** Record set follows **

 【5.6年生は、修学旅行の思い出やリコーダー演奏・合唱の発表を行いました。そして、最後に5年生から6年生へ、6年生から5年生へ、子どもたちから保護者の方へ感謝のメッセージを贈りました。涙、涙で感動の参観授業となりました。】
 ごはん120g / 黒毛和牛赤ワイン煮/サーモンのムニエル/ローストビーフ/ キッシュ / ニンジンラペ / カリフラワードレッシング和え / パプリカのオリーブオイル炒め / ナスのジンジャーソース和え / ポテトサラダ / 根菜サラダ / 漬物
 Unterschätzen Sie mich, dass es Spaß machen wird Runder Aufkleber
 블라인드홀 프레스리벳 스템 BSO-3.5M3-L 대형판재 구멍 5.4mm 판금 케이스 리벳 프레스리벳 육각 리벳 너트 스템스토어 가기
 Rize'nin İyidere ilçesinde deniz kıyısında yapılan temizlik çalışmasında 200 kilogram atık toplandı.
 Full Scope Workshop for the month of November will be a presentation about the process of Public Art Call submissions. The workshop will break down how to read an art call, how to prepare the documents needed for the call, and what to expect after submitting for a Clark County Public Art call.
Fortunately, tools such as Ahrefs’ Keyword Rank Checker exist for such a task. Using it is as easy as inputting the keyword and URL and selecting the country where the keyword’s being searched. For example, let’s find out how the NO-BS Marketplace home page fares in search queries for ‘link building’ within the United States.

** End of Record set **

→ Problem description
Return the material in full, restating each entry word for word.

→ Worked solution
 【5.6年生は、修学旅行の思い出やリコーダー演奏・合唱の発表を行いました。そして、最後に5年生から6年生へ、6年生から5年生へ、子どもたちから保護者の方へ感謝のメッセージを贈りました。涙、涙で感動の参観授業となりました。】
 ごはん120g / 黒毛和牛赤ワイン煮/サーモンのムニエル/ローストビーフ/ キッシュ / ニンジンラペ / カリフラワードレッシング和え / パプリカのオリーブオイル炒め / ナスのジンジャーソース和え / ポテトサラダ / 根菜サラダ / 漬物
 Unterschätzen Sie mich, dass es Spaß machen wird Runder Aufkleber
 블라인드홀 프레스리벳 스템 BSO-3.5M3-L 대형판재 구멍 5.4mm 판금 케이스 리벳 프레스리벳 육각 리벳 너트 스템스토어 가기
 Rize'nin İyidere ilçesinde deniz kıyısında yapılan temizlik çalışmasında 200 kilogram atık toplandı.
 Full Scope Workshop for the month of November will be a presentation about the process of Public Art Call submissions. The workshop will break down how to read an art call, how to prepare the documents needed for the call, and what to expect after submitting for a Clark County Public Art call.
Fortunately, tools such as Ahrefs’ Keyword Rank Checker exist for such a task. Using it is as easy as inputting the keyword and URL and selecting the country where the keyword’s being searched. For example, let’s find out how the NO-BS Marketplace home page fares in search queries for ‘link building’ within the United States.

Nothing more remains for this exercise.